Chronic exposure to various APs, irrespective of their synthetic or biogenic origin, led to glucose intolerance in the mice. Five synthetic APs (sodium benzoate, potassium sorbate, ethylparaben, sodium nitrate, and sodium propionate) and the biogenic AP nisin significantly increased blood glucose levels after two weeks of treatment. After eight weeks, sodium benzoate, sodium propionate, and all biogenic APs significantly impacted blood glucose. The 16S rDNA sequencing analysis revealed that AP treatment altered the gut microbiota composition and diversity. Three synthetic and three biogenic APs significantly impacted the gut microbiota's beta diversity. Nisin exhibited the most significant effects on gut microbiota, increasing alpha diversity while significantly reducing *Bifidobacterium*, *Coriobacteriaceae*, and *Allobaculum*, and increasing *Oscillospira*, S24-7 family, *Clostridiales*, *Ruminococcaceae*, and *Lactobacillus*. Targeted metabolomics analysis of the nisin-treated group revealed significant alterations in fecal metabolites, with a substantial decrease in amino acids. Correlation analysis showed relationships between these altered metabolites and the abundance of specific gut genera. Furthermore, nisin treatment significantly reduced the expression of *Pcsk1* (involved in GLP-1 production) and increased serum glucagon levels, suggesting a possible mechanism for the observed glucose intolerance.

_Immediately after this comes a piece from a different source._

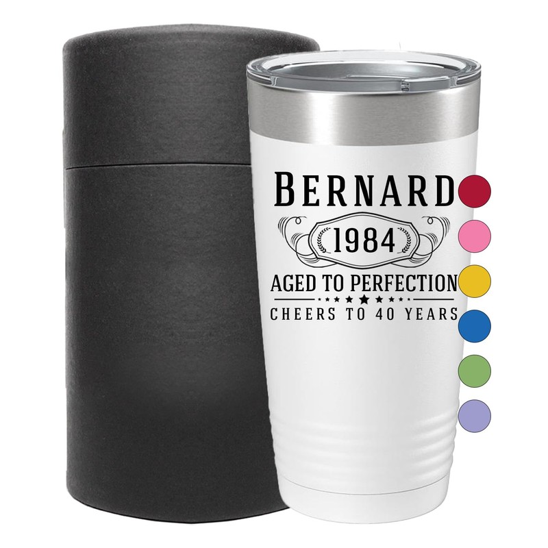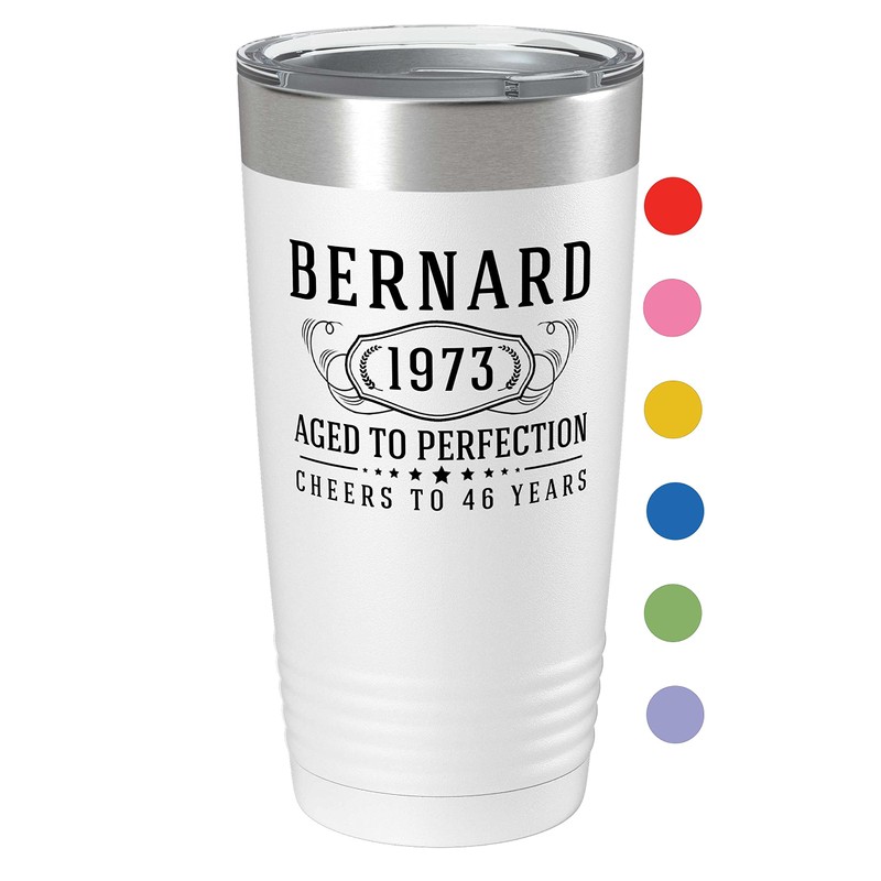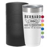 Personalized Printed 20oz Powder Coated Tumbler with Lid, Custom Printed, White, Bernard

This study demonstrated that chronic consumption of both synthetic and biogenic APs, including nisin, can induce glucose intolerance and alter gut microbiota composition in healthy mice. The fact that nisin, a biogenic AP often considered a safer alternative to synthetic preservatives, caused the most pronounced effects challenges this assumption. The observed reduction in amino acids due to nisin treatment may have impacted GLP-1 release and subsequent glucoregulatory hormone imbalances, contributing to glucose intolerance. The altered gut microbiota profile likely plays a role in these metabolic changes, though further studies such as fecal microbiota transplantation are needed to confirm causality. The current study utilized a high dose of APs (three times the ADI), a limitation considering that most consumers are unlikely to ingest such high quantities. However, it demonstrates the potential for adverse effects even with a significant safety margin.

This study provides strong evidence that commonly used antimicrobial food preservatives, regardless of whether they are synthetic or biogenic, can induce glucose intolerance and disrupt the gut microbiota. The biogenic preservative nisin was found to have the most pronounced effect and warrants further investigation. Future research should focus on elucidating the specific mechanisms underlying these effects and identifying potential strategies to mitigate the negative impacts of APs on gut health and metabolism. Longitudinal studies with more diverse populations and lower AP dosages are necessary to establish the clinical significance of these findings.

The study used a high dose of APs (three times the ADI), which may not accurately reflect typical human consumption levels. Furthermore, while correlations between microbiota changes and metabolic alterations were identified, the causal relationship requires further investigation, possibly through fecal microbiota transplantation experiments. The study focused primarily on nisin's mechanism of action; more research is needed to fully understand the mechanisms by which other APs influence glucose metabolism and gut health.